Encoding C Strings in Whiley
In this post, we’re going to consider representing the classic C string in Whiley. This turns out to be useful as we can then try to verify properties about functions which operate on C strings (e.g. strlen()
, strcpy()
, etc). If you’re not familiar with C strings, then the main points are:
Roughly speaking, C Strings are arrays of 8bit ASCII characters.
C Strings are terminated by the special character
'\0'
(also called null terminated strings).C Strings do not carry any other length information (e.g. for the size of the containing memory chunk).
The interesting thing about Whiley is that we can encode these constraints within the language itself using only the built-in list and integer types. Specifically, we’re going to encode a C string as a constrained list of constrained integers. The list will be constrained to ensure it is null
terminated, whilst the contained integers will be constrained to ensure they are between 0
and 255
.
Before giving our definition of a C string in Whiley, we need to first define the notion of an 8bit ASCII character. This is done as follows:
// Define the ASCII 8bit character
type ASCII_char is (int n) where 0 <= n && n <= 255
Here, we have defined an 8bit ASCII character to be an integer which is constrained between 0
and 255
(i.e. to ensure it fits in 8 bits). Using this, we can now define our notion of a C
string as follows.
// Define the null terminator
constant NULL is 0
type C_string is (ASCII_char[] str)
// Must have at least one character (i.e. null terminator)
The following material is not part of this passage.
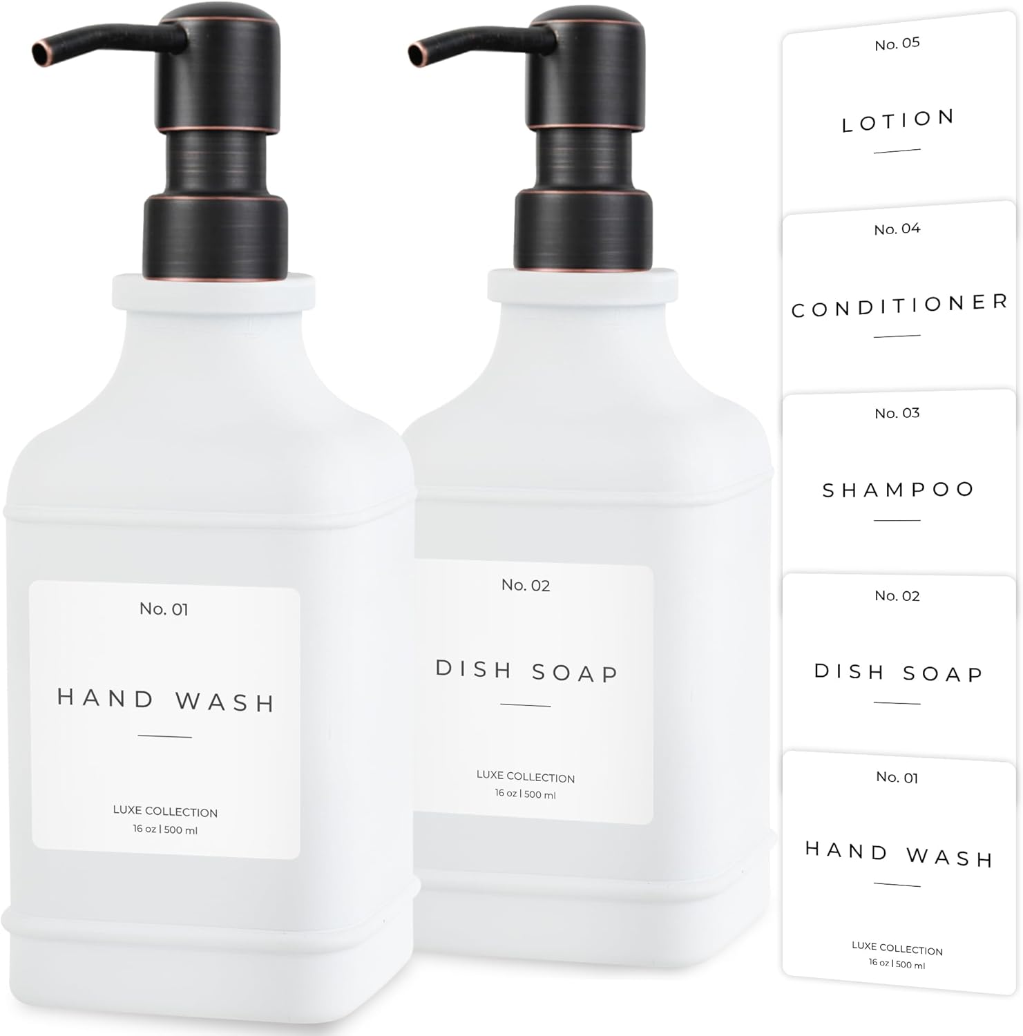 • ✅ 5 WATERPROOF LABELS: Now with 5 stickers, it's your choice to use the Kitchen Soap Dispenser Set with Dish Soap for hand soap, dish wash, lotion, conditioner, or shampoo. To clean the lotion dispenser set for the bathroom and kitchen sink soap dispenser set, just run the bottle under water and watch any residue simply wash off. With our exclusive no-leak pump, the bottle enables you to put out a good amount of soap with a single pump.
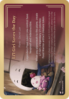 Legendary Food tokens you control have hexproof and indestructible. When you planeswalk to this plane, create Li'l Giri, a legendary 1/1 colorless Food Warrior artifact creature token. Whenever chaos ensues, put X+1/+1 counters on target legendary artifact creature you control, where X is the number of times you've rolled the planar die this turn.

where |str| > 0 && some { i in 0 .. |str| | str[i] == NULL }
Here, we have then defined a C_String
to be a list of integers which is constrained to ensure it is always null terminated. That is, there is always at least one NULL terminator somewhere in the array (though there may be several).
As an example to illustrate the use of our C_string
, we provide an implementation of the well-known strlen()
function below:
// Determine the length of a C string.
function strlen(C_string str) -> (int r)
ensures str[r] == NULL
ensures all { k in 0 .. r | str[k] != NULL }:
//
int i = 0
//
while str[i] != NULL
where i >= 0 && i < |str|
where all { k in 0 .. i | str[k] != NULL}:
i = i + 1
//
return i
The Whiley compiler statically verifies this function does not overrun the string bounds. The loop invariant given by the where
clause is needed as a hint to the verifier, but does not affect the function’s execution in any way.